Based on this example I tried to implement my own generate tool. My goal was to provide the join functionality I sorely missed from Python. I'd consider it success if the following program would execute simply by running go generate followed by go run *.go.

package main

//go:generate joiner $GOFILE

import (
    "fmt"
)

// @joiner
type Person struct {
    FirstName string
    LastName  string
    HairColor string
}

func main() {
    people := []Person{
        Person{"Sideshow", "Bob", "red"},
        Person{"Homer", "Simpson", "n/a"},
        Person{"Lisa", "Simpson", "blonde"},
        Person{"Marge", "Simpson", "blue"},
        Person{"Mr", "Burns", "gray"},
    }
    fmt.Printf("My favorite Simpsons Characters:\n%s\n", JoinPerson(people).With("\n"))
}

I also had to do some AST walking (that's the core of the tool). I rely on the comment // @joiner to indicate which types I want to make joinable. Yes, this is a gross overloading of comments. Perhaps something like tags for type declarations would be better if the language supported it (similar to "use asm"). Go's built-in templating libraries made it easy to render the generated functions.

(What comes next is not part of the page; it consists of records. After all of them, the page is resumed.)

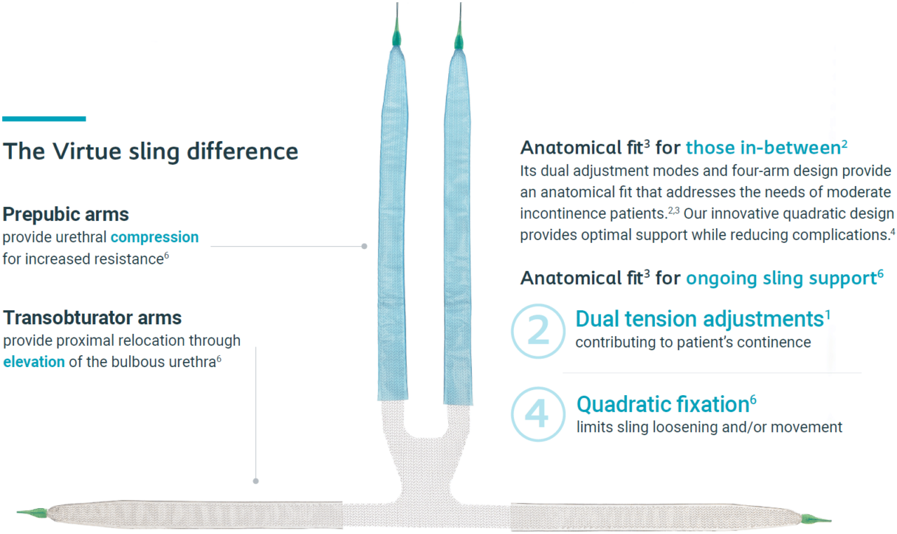 The Virtue Male Sling System is an implantable, suburethral support sling indicated for the treatment of male stress urinary incontinence (SUI).
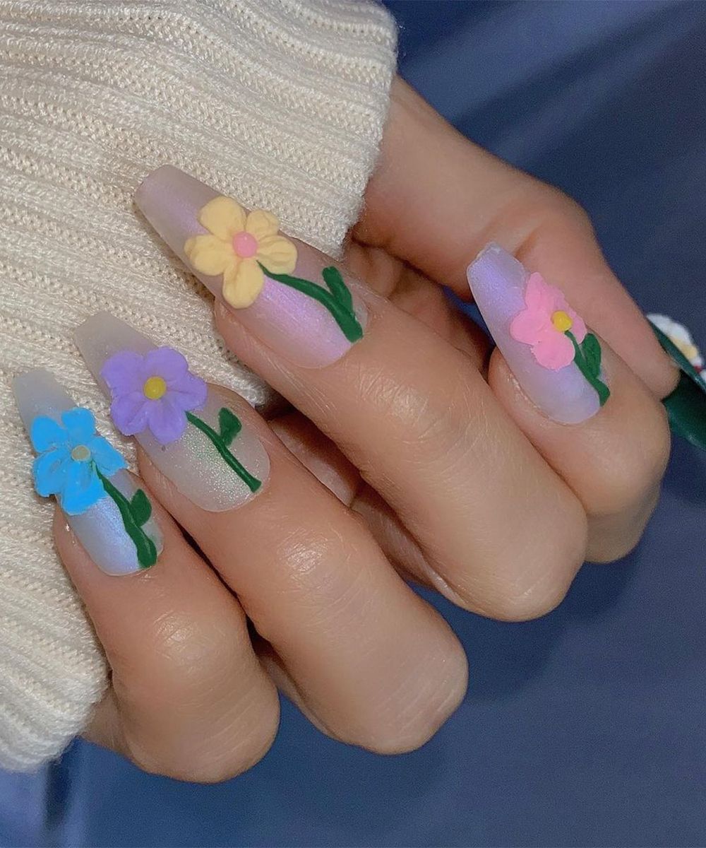 5 nail art trends for spring 2021 From degradé to blooming nail art, passing through a contemporary version of the classic French manicure
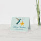 Cartão de Natal com um beija-flor de bico largo e um ornamento em forma de estrela. A mensagem interna é "Desejando a você uma temporada cheia de luz e risadas para você e sua família."
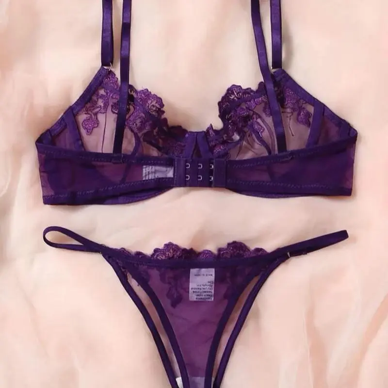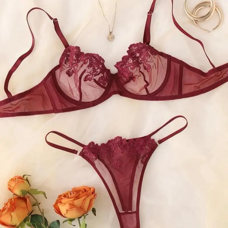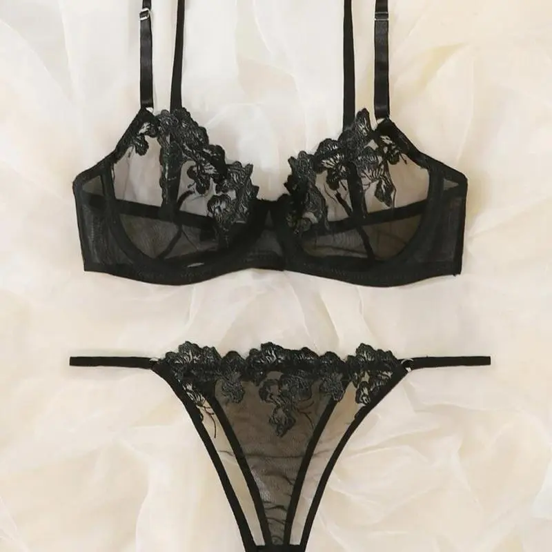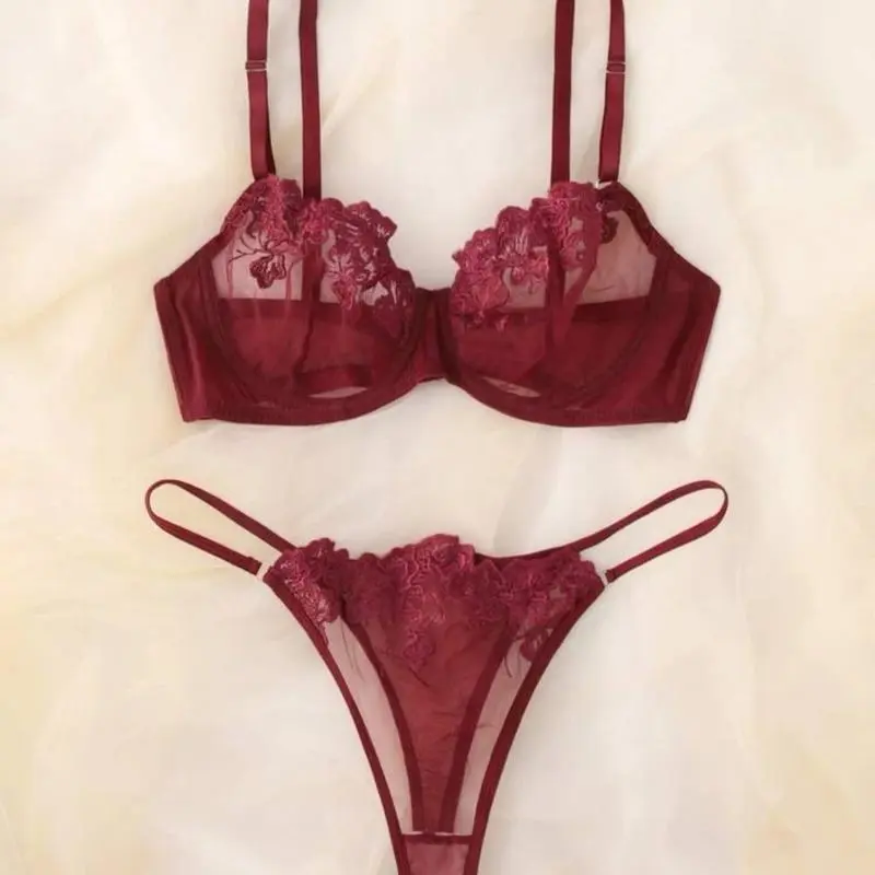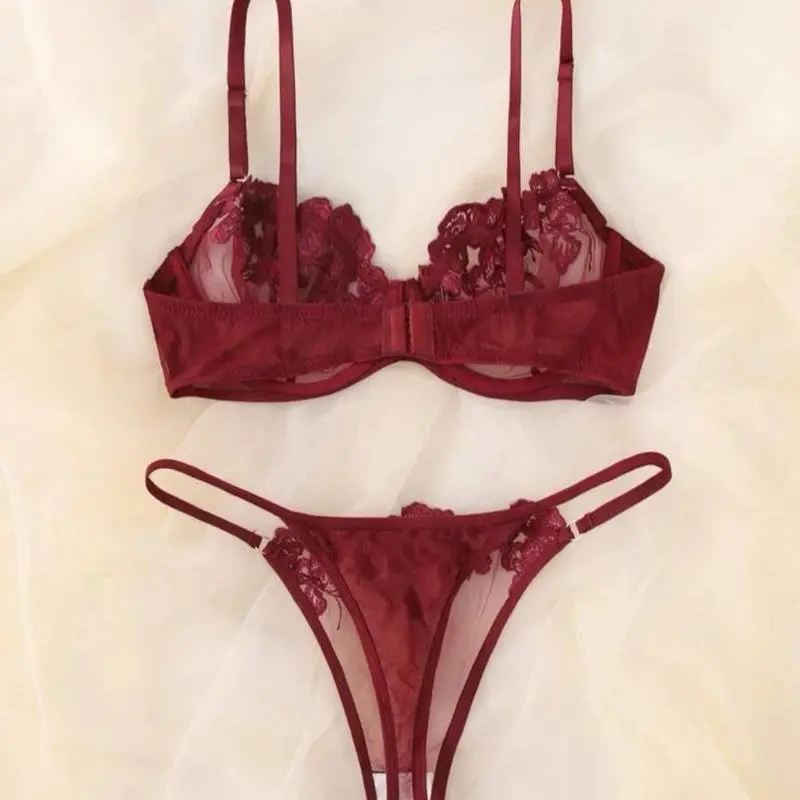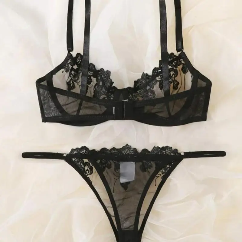 Crafted from delicate lace material, this set boasts intricate details that add a touch of femininity and glamour. The bra features adjustable straps for a customizable fit while the underwear sits comfortably on your hips without digging in or leaving unsightly lines.
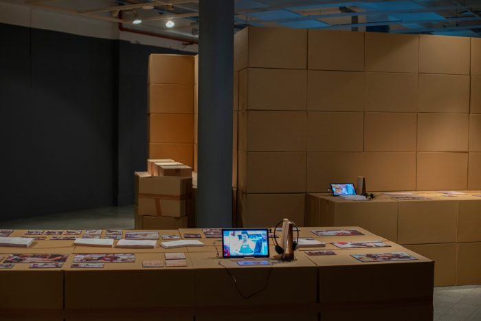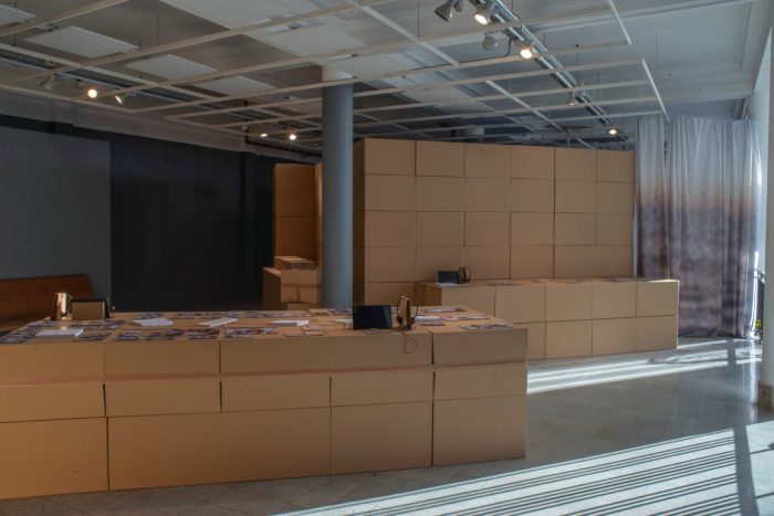 The brilliant idea of the curators was to use cardboard boxes as the base for all the setups.
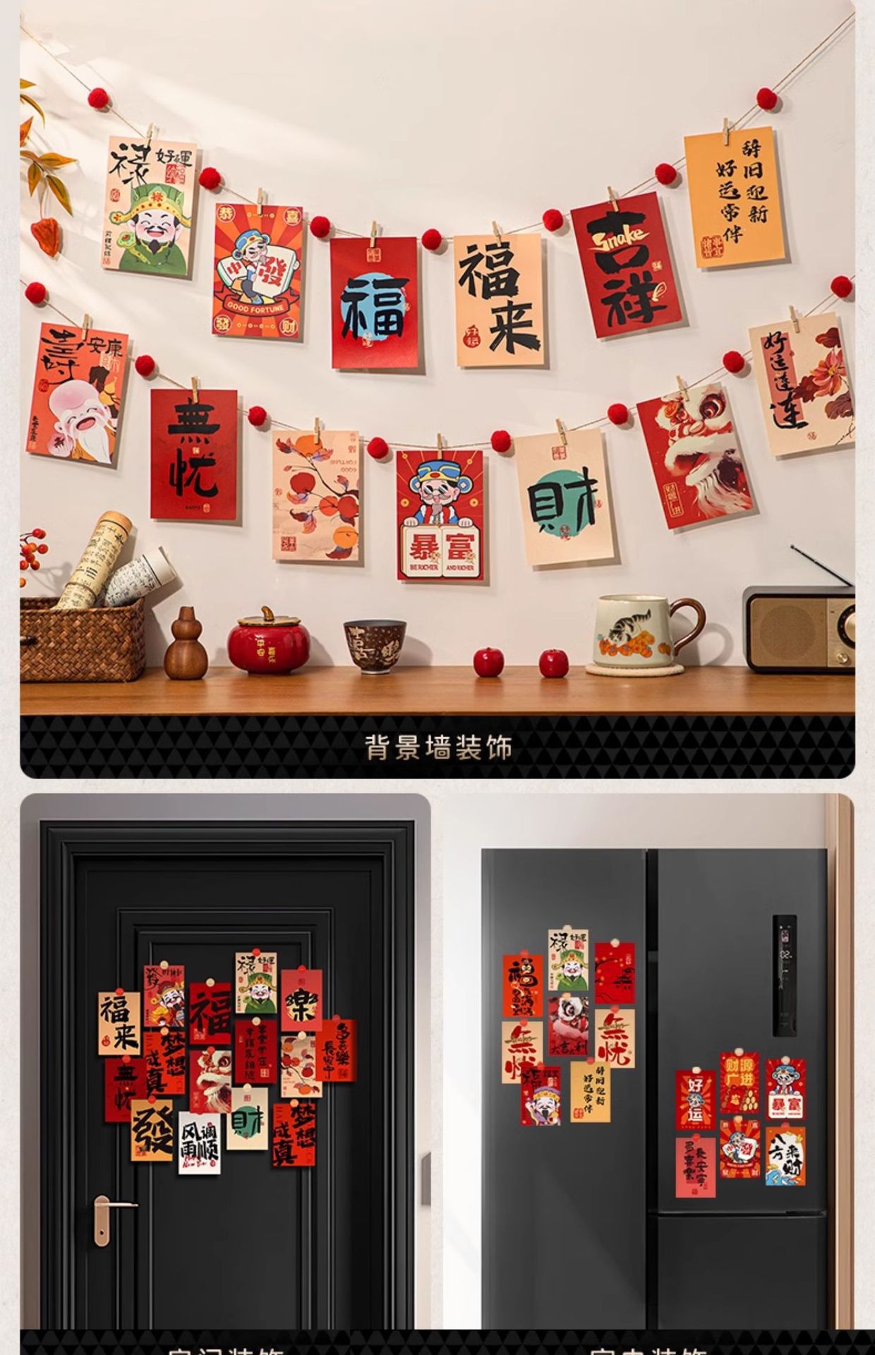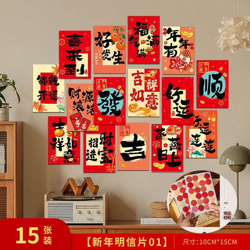 新年装飾カード雰囲気感壁貼り絵書道祝福語はがき客間寝室美化写真背景

The full code for my tool is available on GitHub. You can install it on your system with go install https://github.com/bslatkin/joiner. Once you do that, you can run go generate to cause Go to run the tool and output a corresponding main_joiner.go file that looks like this:

// generated by joiner -- DO NOT EDIT
package main

import (
    "fmt"
    "strings"
)

func (t Person) String() string {
    return fmt.Sprintf("%#v", t)
}

type JoinPerson []Person

func (j JoinPerson) With(sep string) string {
    all := make([]string, 0, len(j))
    for _, s := range j {
        all = append(all, s.String())
    }
    return strings.Join(all, sep)
}

Remarkably, this works for my original example above with no modifications. Here's the output from running go run *.go:

My favorite Simpsons Characters:
main.Person{FirstName:"Sideshow", LastName:"Bob", HairColor:"red"}
main.Person{FirstName:"Homer", LastName:"Simpson", HairColor:"n/a"}
main.Person{FirstName:"Lisa", LastName:"Simpson", HairColor:"blonde"}
main.Person{FirstName:"Marge", LastName:"Simpson", HairColor:"blue"}
main.Person{FirstName:"Mr", LastName:"Burns", HairColor:"gray"}


Conclusion

Does go generate make generics for Go easier? The answer is yes. It's now possible to write generic behavior in a way that easily integrates with the standard golang toolchain. I expect existing Go generics tools like gen and genny to move over to this standard approach.

However, that helps most in consuming generic code libraries and using them in your programs. Writing new generic code is still an exceptionally laborious process. Having to walk the AST just to write a generic function is insane. But you can imagine a standard generate tool that helps you write other generate tools. That's the piece we're missing to make generic programming in Go a reality. Now with go generate in the wild, I look forward to renewed interest in projects like gotgo, gonerics, and gotemplate to make this easy!